Son of a shoe manufacturer, Zeckendorf went to public schools in New York and to New York University. For a dozen-odd years in & out of various realty firms, he had been only a moderate success: he didn’t know enough of the right people. When, in the course of one of his deals, he ran into W. & K., it was like loose lightning being drawn to a lake.

From a small, conservative agency, W. & K. expanded into a dealer and operator of properties scattered over 20 states.

Zeckendorf took over the management of Vincent Astor’s realty interests, swelled their value in a series of 150 transactions by about $5 million (with commissions to W. & K. totaling $1½ million).

He drew up plans for a rooftop airport covering 144 square blocks in Manhattan, turned them over to the unimpressed city, which in turn relayed them to very-much-impressed Sweden and Russia.

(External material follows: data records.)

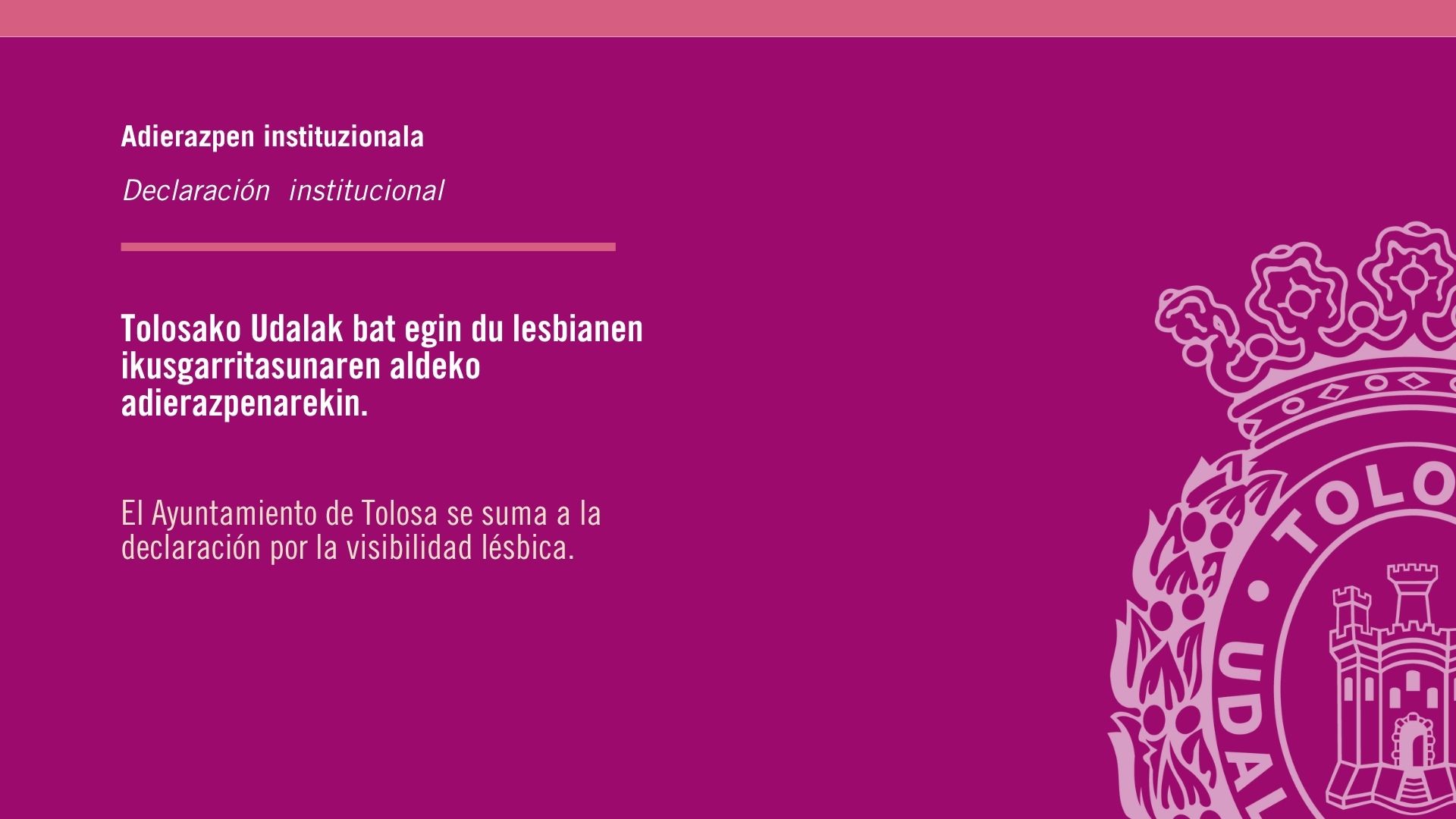 El Ayuntamiento de Tolosa se suma a la declaración a favor de la visibilidad lésbica
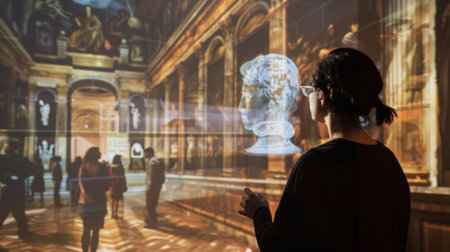 An AR portal allowing visitors to step into a famous artwork or historical scene
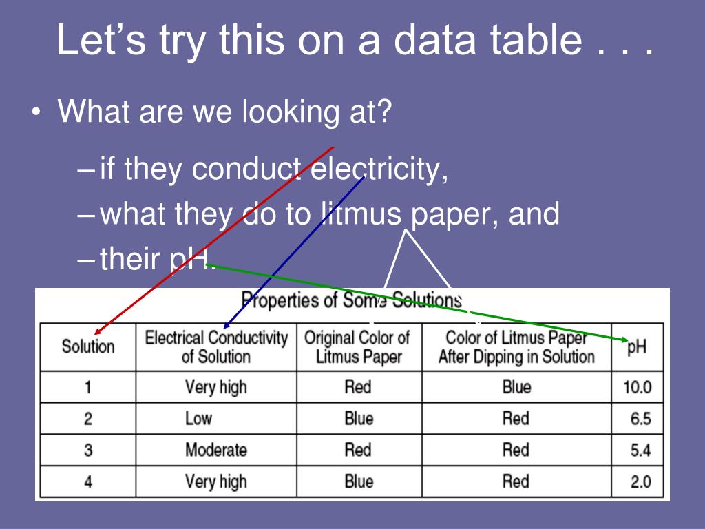 Let’s try this on a data table . . . • What are we looking at? • We are looking at 4 solutions • if they conduct electricity, • what they do to litmus paper, and • their pH.
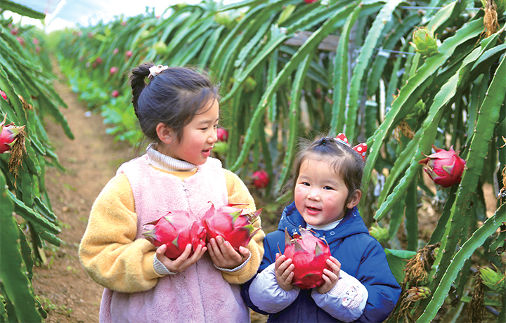 11月29日,小朋友在軹城鎮(zhèn)綺里村的大棚里展示剛剛采摘的火龍果。
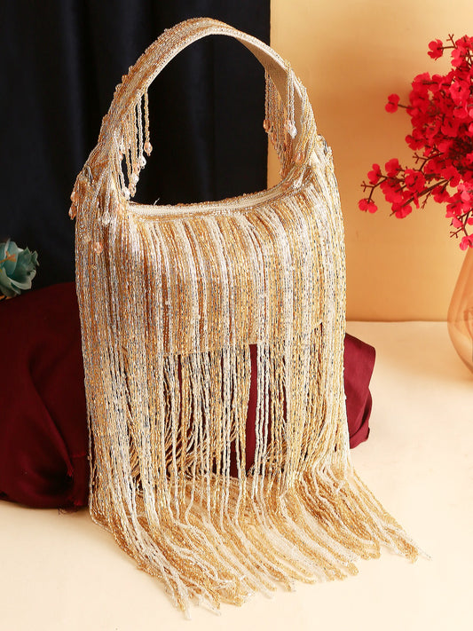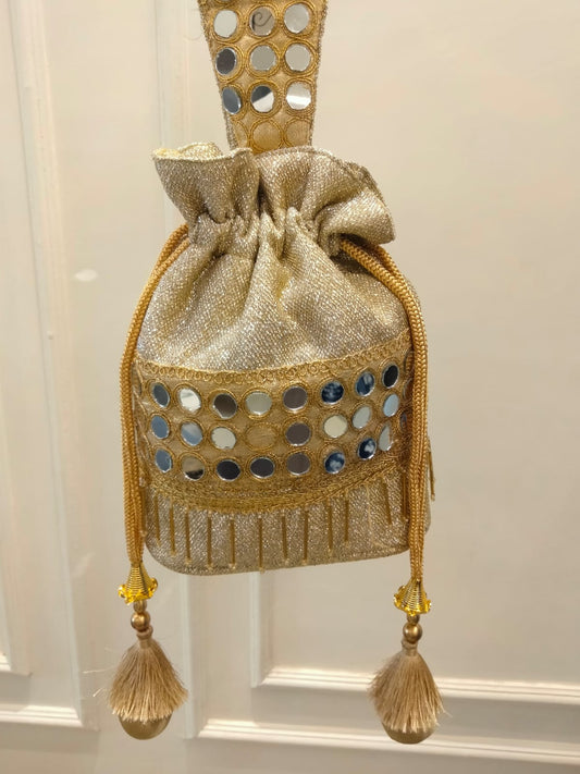 Golden Mirror work Potli with mirror work handle and classy latkans
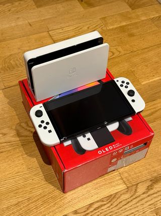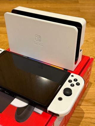 Consola Nintendo Switch modelo OLED en color blanco. Incluye la base de carga y los mandos. - Pantalla OLED. - Diseño elegante en blanco. Como a estrenar!
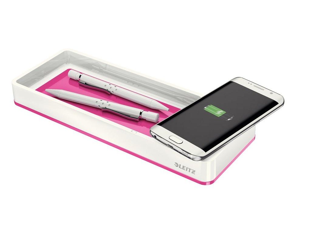 Stolový organizér s bezdrôtovým nabíjaním Leitz WOW metalický ružový
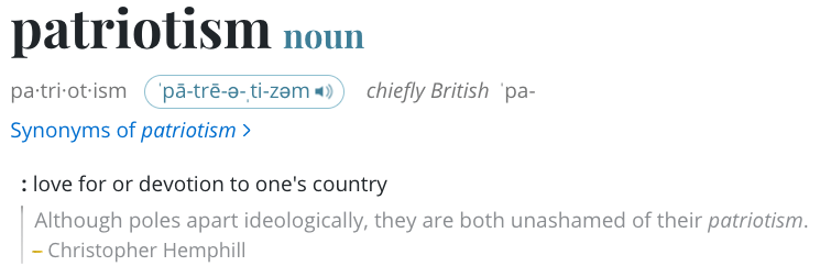 I think Merriam-Webster’s definition leaves out too much nuance. Or, perhaps I am adding too much nuance. I strongly believe that a patriot of the country must also have knowledge and understanding of the country. For example, too many people say they support the 2nd amendment but don’t understand why the founding fathers included it in the Constitution.
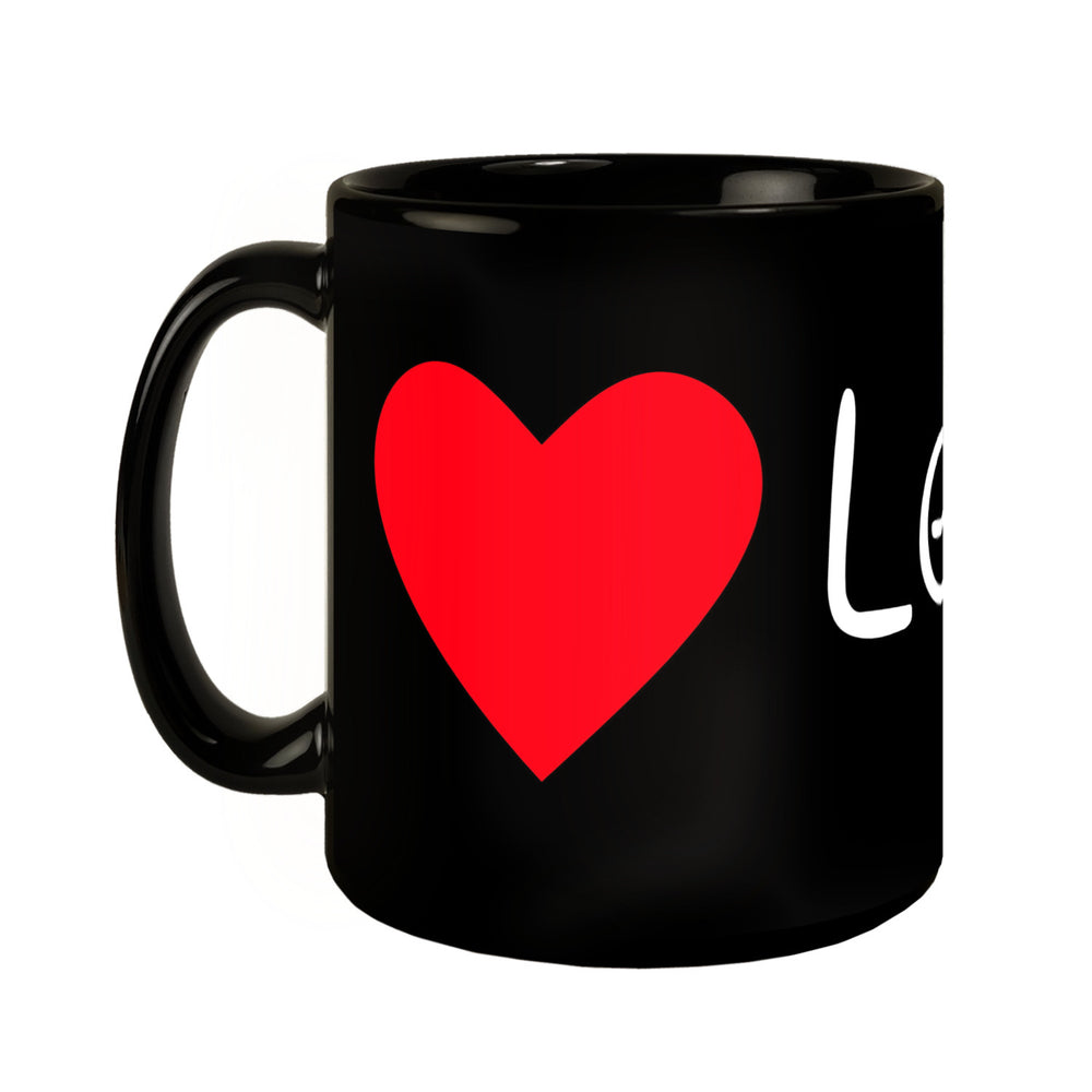 Schwarze Tasse Leipzig mit rotem Herz - Romantische KaffeeTasse
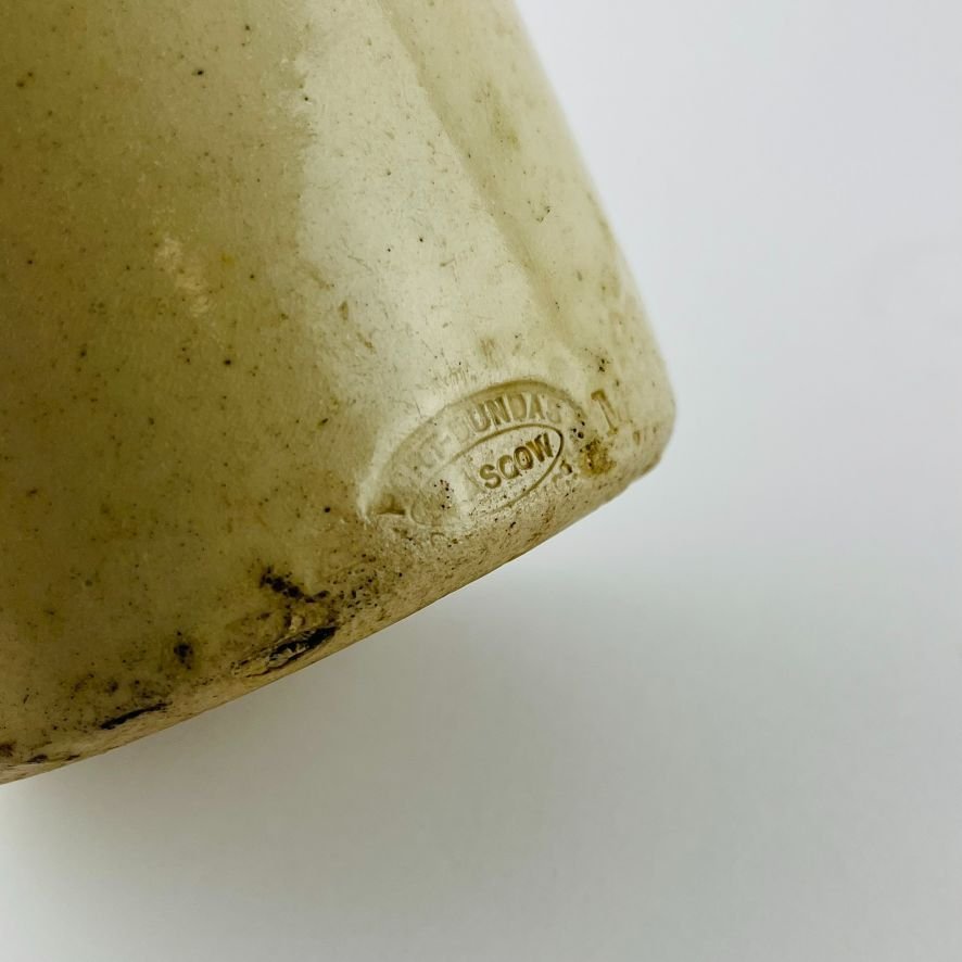 Botella de cerveza uruguaya en gres. «Cervecería y Licorería de la Esperanza. Trigo Hnos. Montevideo. Calle Andes No. 41.» Marca estampada en negro. Sello inciso del fabricante Port Dundas, Glasgow. Pico restaurado. Alto 27 cm.
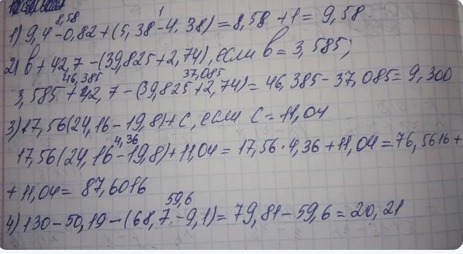 2) б + 42,7 - (39,825 + 2,74), если б = 3,585 3) 17,56 - (24,16 - 19,8) + с, если с = 11,04
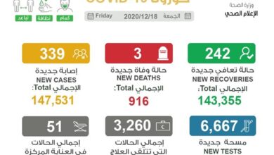 أعلنت وزارة الصحة اليوم الجمعة تسجيل 339 إصابة جديدة بفيروس كورونا المستجد (كوفيد 19) في الساعات الـ 24 الماضية ليرتفع بذلك إجمالي…
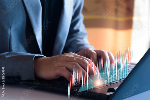 Digital marketing concept. Business man analyzing internet marketing online, business planning, online digital business, online stock market analysis, stock chart upward trend, digital stock trading.
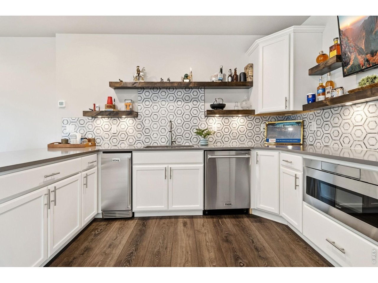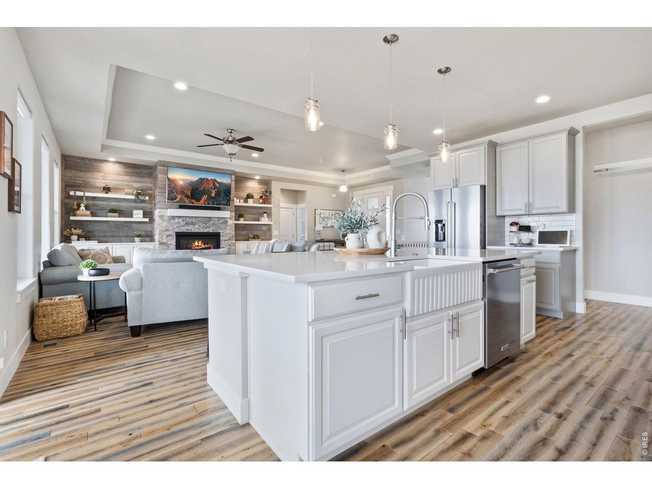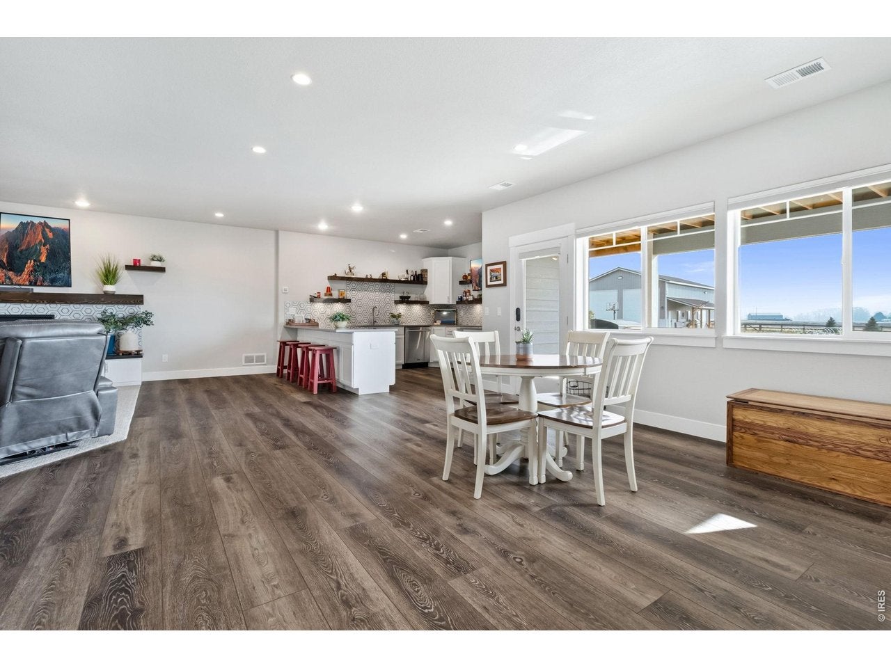 Welcome to your dream Colorado acreage retreat-where space, style, and versatility come together on 1.25 beautifully landscaped acres in Severance. This thoughtfully designed ranch-style home with a walkout basement offers 5 bedrooms and 4 bathrooms, perfectly suited for multigenerational living, entertaining, or simply spreading out in comfort. The open-concept main level showcases quartz countertops, soft-close cabinetry, built-in shelving, and designer finishes, all complemented by a seamless flow ideal for everyday living and hosting. The fully finished walkout basement creates the ultimate gathering space-featuring a stylish kitchenette and bar with a modern sports lounge vibe, perfect for game days, movie nights, or extended stays. A versatile flex space offers endless possibilities for a home gym, playroom, or potential 6th bedroom. Enjoy Colorados outdoor lifestyle year-round from the covered back deck, overlooking farmland and a custom gas fire pit-perfect for relaxing evenings under the stars. The property is fully landscaped and designed for privacy and usability, offering the space buyers crave. Car enthusiasts, hobbyists, or business owners will love the impressive 1,500 sq ft insulated and heated shop, complete with epoxy floors, beetle kill wood finishes, hot and cold water, daylight drain, surround sound wiring, and a covered lean-to, plus ample space for indoor RV and boat parking, making it easy to store all your toys on-site-a rare and highly desirable feature. Additional highlights include dual-zone HVAC, whole-house humidifier, two gas fireplaces, built-in storage, 50-amp, 220 Volt electric in both the garage and shop, and unfinished storage space. Located in the highly sought-after Eaton School District, this home combines access to top-rated schools with the peace of acreage living-offering luxury finishes, functional space, and exceptional indoor-outdoor living.
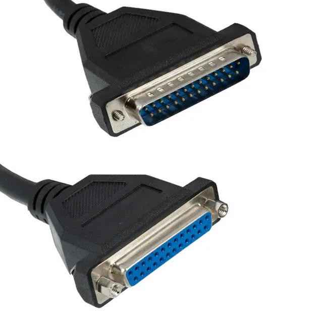 This is manufactured by American Electrical Inc.. The manufacturer part number is LDSUB-25-MF-CBL. It is assigned with possible HTSUS value of 8544.42.9090. The product is rohs3 compliant. It first connector includes receptacle, female sockets. The second connector is plug, male pins. It comes in db25 configuration. The product carries possible position value of 25. Furthermore, the product is shielded with shielded. In addition, it is reach unaffected. It is shipped in bag. Furthermore, the product is galvanized with excellent tin contact finishing. Its typical moisture sensitivity level is not applicable. Its accurate length is 6.56' (2.00m). It has a long 8 weeks standard lead time. It has a classic black, individual (round) colour. Moreover, it corresponds to dsub, a base product number of the product. The product is designated with the ear99 code number
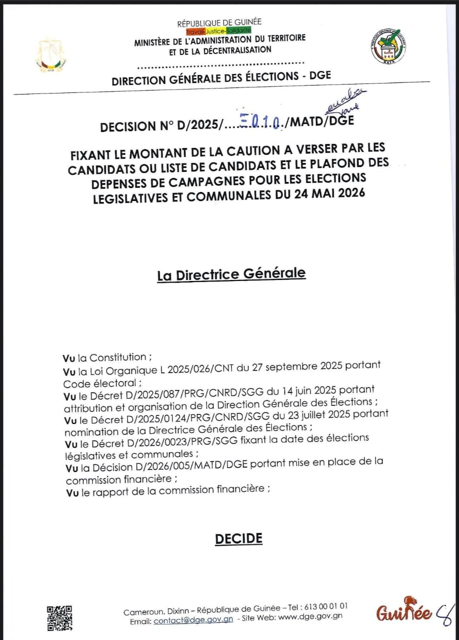 Les candidats aux listes nationales législatives devront verser 300 millions GNF, ceux aux élections uni-plurinominales 100 millions GNF, et les listes communales 35 millions GNF.
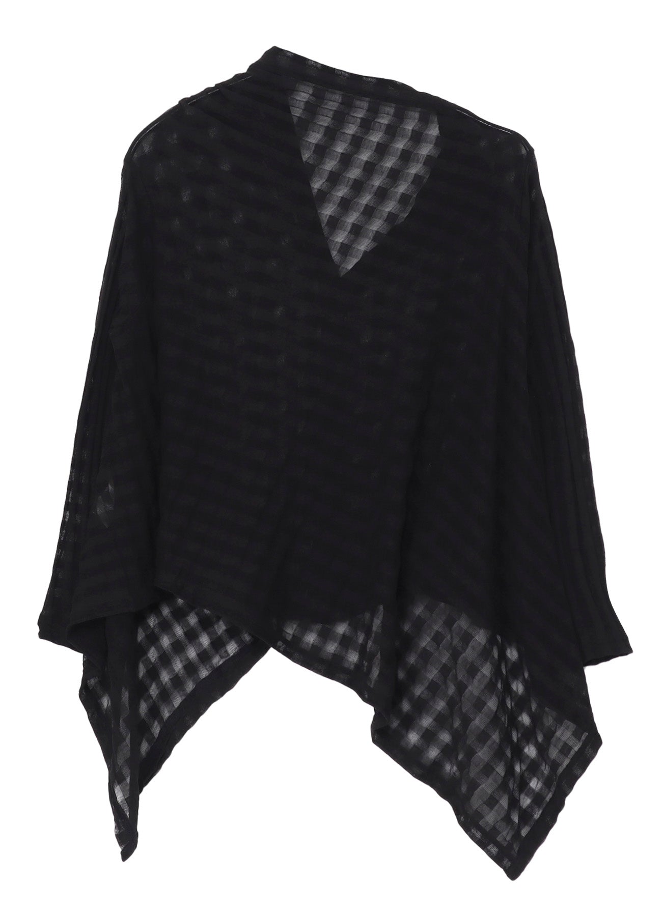This elegant flared cardigan features a gingham pattern with a translucent effect, offering a cool and refreshing feel. Made from a material with a rich, textured surface, its voluminous silhouette adds an elegant touch. Models wear a sample item, so actual product size and feel may vary.

Two months ago he announced plans to upheave the busy community of Flushing, L. I., and set up a $50 million shopping center there (TIME, Aug. 19).

Fruits of Indigestion. Among its $20 million assets, W. & K. now owns hotels, apartments, a nightclub (Manhattan’s glittering Monte Carlo), shipping piers, warehouses, a steamship company, shopping centers in Denver, Houston and Atlanta, a nine-mile railroad and a 2,300-acre oilfield in Louisiana (one well came in last fortnight from a depth of 10,000 ft.). To avoid pyramiding, each new permanent project has been financed independently.

Where does he get his ideas? Says Zeckendorf facetiously: “From indigestion.” Sometimes he works right through the night in his penthouse apartment, but usually arrives at his office about 8 a.m. He plays equally hard; he thinks a binge is constructive.

Recently he decided to take every fourth month off to hunt, fish, sail and travel. Last week, just before he started on his first month off, he wrapped up another big bundle of real estate. For about $10 million he bought nearly a mile of the busy Hoboken waterfront.